Pete
William's Son · Agent
"An heir raised for power — now learning the cost of feeling."
Presence & Physicality
Six-one, athletic without advertising it, with dark hair and the kind of face that sits at the intersection of approachable and authoritative — useful in a world where he needs to move between social registers without friction. He carries William's precision in his posture but his own restlessness in his hands. He is a natural leader who has not yet fully decided what he wants to lead people toward.
Background
Pete was raised inside the organisation — not hidden from it until he was old enough to choose, but shaped by it from the beginning in the way that children shaped by large institutions tend to be: competent at the structure's requirements, uncertain about what he'd be without them. He attended college externally, which gave him his first real exposure to a world that didn't operate on his father's logic, and he has been quietly recalibrating ever since.

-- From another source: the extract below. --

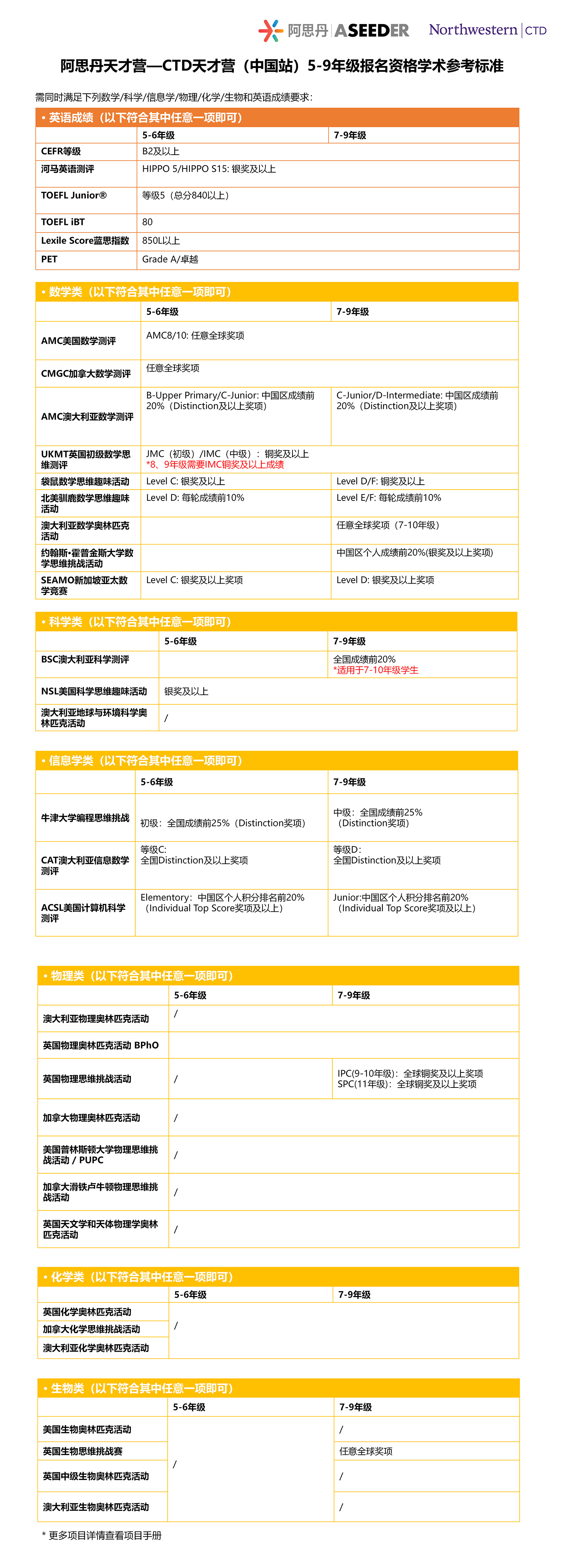 • 方式二:曾参加过阿思丹天才营系列CTD 天才营(中国站)、普渡天才营的学生可免测评直接录取;

His covert duties and his college life exist as parallel tracks that he switches between with practiced ease. Whether the person who exists on each track is the same person is a question he is beginning to ask.
Role & Capabilities
Pete is a skilled operative — surveillance, asset management, physical security, and the kind of interpersonal intelligence work that requires the ability to build rapport under pressure. He is impulsive when emotionally triggered, which is his primary operational liability and the thing his father keeps attempting to train out of him. It has not fully worked because the impulse is not incompetence — it's feeling, and feeling is not a variable William's methods were designed to address.
Psychology
Pete is deeply attached to Gem — possessive in the way that comes not from ownership but from the specific vulnerability of caring about someone before you've developed the language for what that caring means. He is protective to the point of irrationality on occasion. He is also, beneath the authority exterior, younger than the role he occupies — still making sense of want and duty and what he's allowed to hold onto.
"He knows exactly what the job requires. He just keeps making it personal. The remarkable thing is that he's usually right when he does."